(Data records begins)

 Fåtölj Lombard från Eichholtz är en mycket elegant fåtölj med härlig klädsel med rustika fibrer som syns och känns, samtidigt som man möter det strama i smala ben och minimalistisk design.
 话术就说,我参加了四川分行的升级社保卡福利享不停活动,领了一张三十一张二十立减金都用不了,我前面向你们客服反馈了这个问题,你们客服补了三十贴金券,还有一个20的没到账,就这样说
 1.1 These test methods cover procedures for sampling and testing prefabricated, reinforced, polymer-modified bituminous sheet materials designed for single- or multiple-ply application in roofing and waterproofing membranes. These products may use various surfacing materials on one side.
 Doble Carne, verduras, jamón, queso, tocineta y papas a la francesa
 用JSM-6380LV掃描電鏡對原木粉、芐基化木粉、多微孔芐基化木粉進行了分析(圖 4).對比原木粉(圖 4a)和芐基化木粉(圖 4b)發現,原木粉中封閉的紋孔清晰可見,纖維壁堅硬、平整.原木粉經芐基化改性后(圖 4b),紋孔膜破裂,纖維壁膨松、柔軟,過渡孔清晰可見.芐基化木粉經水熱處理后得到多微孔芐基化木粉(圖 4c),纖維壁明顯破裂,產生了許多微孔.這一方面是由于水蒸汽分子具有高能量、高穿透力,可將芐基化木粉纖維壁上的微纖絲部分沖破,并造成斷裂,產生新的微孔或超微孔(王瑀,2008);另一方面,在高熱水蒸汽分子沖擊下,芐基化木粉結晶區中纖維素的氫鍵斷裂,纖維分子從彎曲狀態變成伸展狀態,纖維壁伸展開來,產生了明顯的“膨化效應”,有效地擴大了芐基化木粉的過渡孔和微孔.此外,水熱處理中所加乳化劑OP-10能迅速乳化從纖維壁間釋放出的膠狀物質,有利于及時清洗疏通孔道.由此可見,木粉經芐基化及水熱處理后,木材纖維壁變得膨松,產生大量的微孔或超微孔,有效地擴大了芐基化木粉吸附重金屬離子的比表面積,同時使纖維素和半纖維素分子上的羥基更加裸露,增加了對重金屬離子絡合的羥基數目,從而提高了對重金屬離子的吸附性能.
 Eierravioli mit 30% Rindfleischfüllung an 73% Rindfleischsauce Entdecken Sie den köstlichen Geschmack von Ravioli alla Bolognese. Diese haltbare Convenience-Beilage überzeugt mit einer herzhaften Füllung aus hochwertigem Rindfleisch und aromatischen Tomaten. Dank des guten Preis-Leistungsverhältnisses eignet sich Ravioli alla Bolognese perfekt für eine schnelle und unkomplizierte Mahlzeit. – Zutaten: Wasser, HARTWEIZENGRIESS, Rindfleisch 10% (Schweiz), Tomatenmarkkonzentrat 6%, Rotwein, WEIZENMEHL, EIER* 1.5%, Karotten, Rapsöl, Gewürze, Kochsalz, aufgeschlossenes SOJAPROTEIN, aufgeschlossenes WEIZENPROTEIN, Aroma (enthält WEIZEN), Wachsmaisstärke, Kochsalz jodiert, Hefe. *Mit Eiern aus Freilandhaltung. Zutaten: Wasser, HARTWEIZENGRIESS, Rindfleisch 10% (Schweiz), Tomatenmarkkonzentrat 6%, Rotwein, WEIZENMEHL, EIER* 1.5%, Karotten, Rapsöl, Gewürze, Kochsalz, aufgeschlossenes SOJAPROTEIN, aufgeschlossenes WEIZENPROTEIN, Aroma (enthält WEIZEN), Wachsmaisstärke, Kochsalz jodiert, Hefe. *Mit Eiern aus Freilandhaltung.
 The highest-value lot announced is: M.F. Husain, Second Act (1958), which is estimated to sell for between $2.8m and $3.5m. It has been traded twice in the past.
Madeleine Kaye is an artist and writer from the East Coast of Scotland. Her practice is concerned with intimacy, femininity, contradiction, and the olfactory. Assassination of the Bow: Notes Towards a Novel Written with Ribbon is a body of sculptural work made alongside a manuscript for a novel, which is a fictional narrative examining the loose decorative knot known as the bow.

(Data records ends)
(Data records begins)

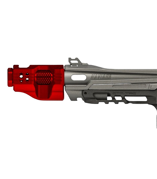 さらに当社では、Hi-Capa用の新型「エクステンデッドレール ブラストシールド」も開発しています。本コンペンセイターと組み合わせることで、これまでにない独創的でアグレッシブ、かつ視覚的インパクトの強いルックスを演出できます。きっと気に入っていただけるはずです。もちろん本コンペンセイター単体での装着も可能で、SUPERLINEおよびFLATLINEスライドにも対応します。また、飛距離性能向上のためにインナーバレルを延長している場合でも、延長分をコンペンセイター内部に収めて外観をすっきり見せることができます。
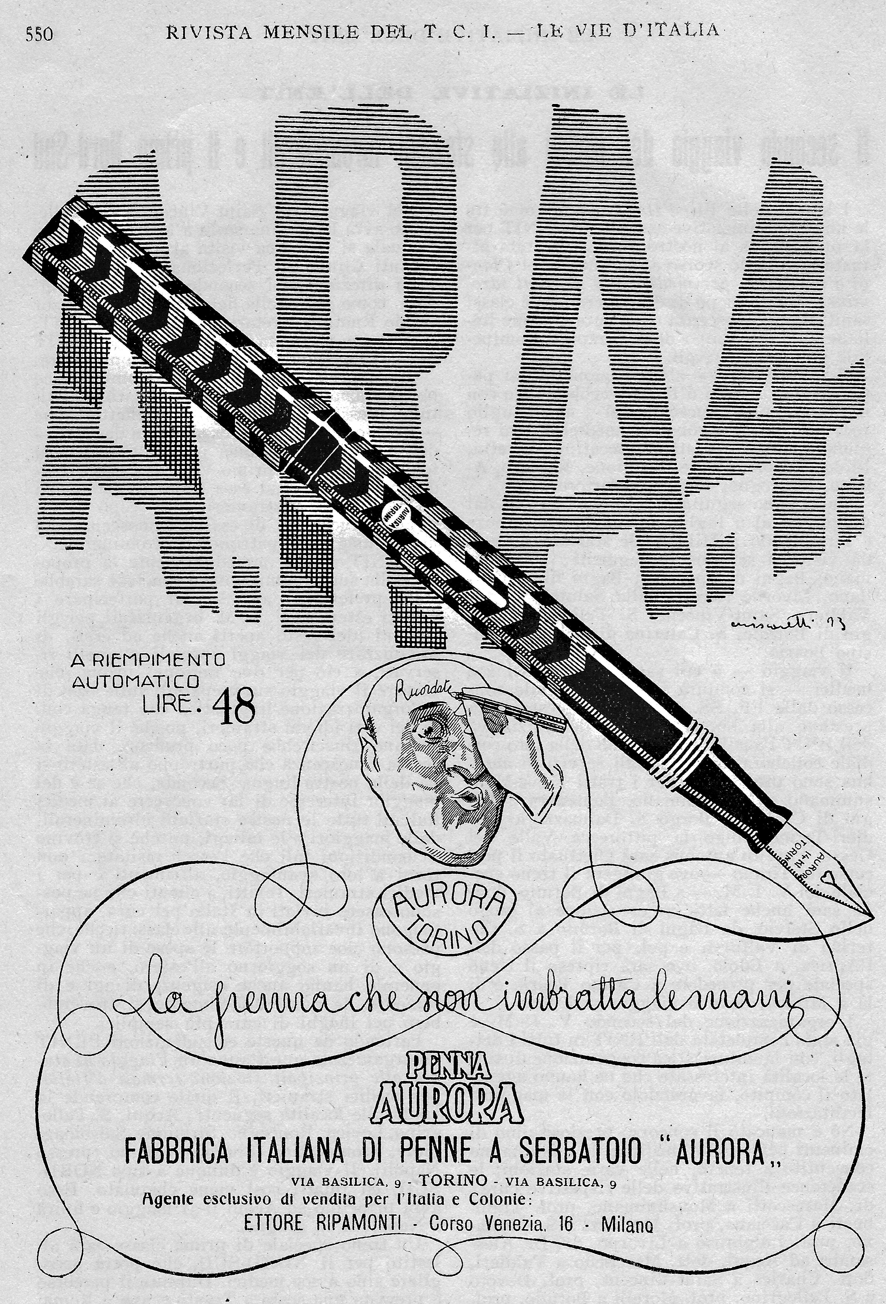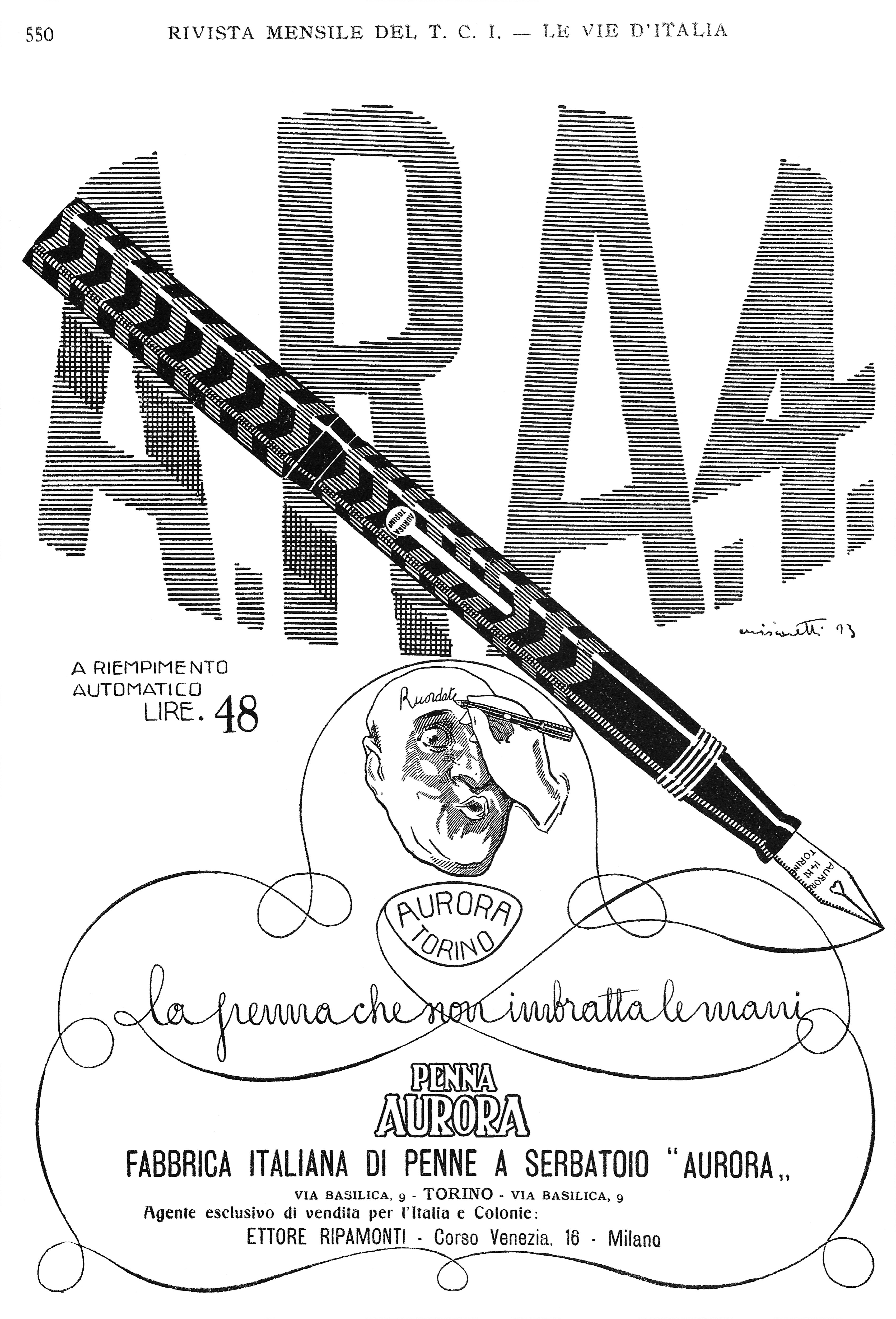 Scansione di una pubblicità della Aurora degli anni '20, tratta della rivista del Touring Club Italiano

(Data records ends)

Work item:
Word for word, restate the lines of the data above that fall between the line holding "Fåtölj Lombard från" and the line holding "用JSM-6380LV掃描電鏡對原木粉、芐基化木粉、多微孔芐基化木粉進行了分析(圖 4).對比原木粉(圖 4a)和芐基化木粉(圖", inclusive, and no other lines.

Answer for the task:
 Fåtölj Lombard från Eichholtz är en mycket elegant fåtölj med härlig klädsel med rustika fibrer som syns och känns, samtidigt som man möter det strama i smala ben och minimalistisk design.
 话术就说,我参加了四川分行的升级社保卡福利享不停活动,领了一张三十一张二十立减金都用不了,我前面向你们客服反馈了这个问题,你们客服补了三十贴金券,还有一个20的没到账,就这样说
 1.1 These test methods cover procedures for sampling and testing prefabricated, reinforced, polymer-modified bituminous sheet materials designed for single- or multiple-ply application in roofing and waterproofing membranes. These products may use various surfacing materials on one side.
 Doble Carne, verduras, jamón, queso, tocineta y papas a la francesa
 用JSM-6380LV掃描電鏡對原木粉、芐基化木粉、多微孔芐基化木粉進行了分析(圖 4).對比原木粉(圖 4a)和芐基化木粉(圖 4b)發現,原木粉中封閉的紋孔清晰可見,纖維壁堅硬、平整.原木粉經芐基化改性后(圖 4b),紋孔膜破裂,纖維壁膨松、柔軟,過渡孔清晰可見.芐基化木粉經水熱處理后得到多微孔芐基化木粉(圖 4c),纖維壁明顯破裂,產生了許多微孔.這一方面是由于水蒸汽分子具有高能量、高穿透力,可將芐基化木粉纖維壁上的微纖絲部分沖破,并造成斷裂,產生新的微孔或超微孔(王瑀,2008);另一方面,在高熱水蒸汽分子沖擊下,芐基化木粉結晶區中纖維素的氫鍵斷裂,纖維分子從彎曲狀態變成伸展狀態,纖維壁伸展開來,產生了明顯的“膨化效應”,有效地擴大了芐基化木粉的過渡孔和微孔.此外,水熱處理中所加乳化劑OP-10能迅速乳化從纖維壁間釋放出的膠狀物質,有利于及時清洗疏通孔道.由此可見,木粉經芐基化及水熱處理后,木材纖維壁變得膨松,產生大量的微孔或超微孔,有效地擴大了芐基化木粉吸附重金屬離子的比表面積,同時使纖維素和半纖維素分子上的羥基更加裸露,增加了對重金屬離子絡合的羥基數目,從而提高了對重金屬離子的吸附性能.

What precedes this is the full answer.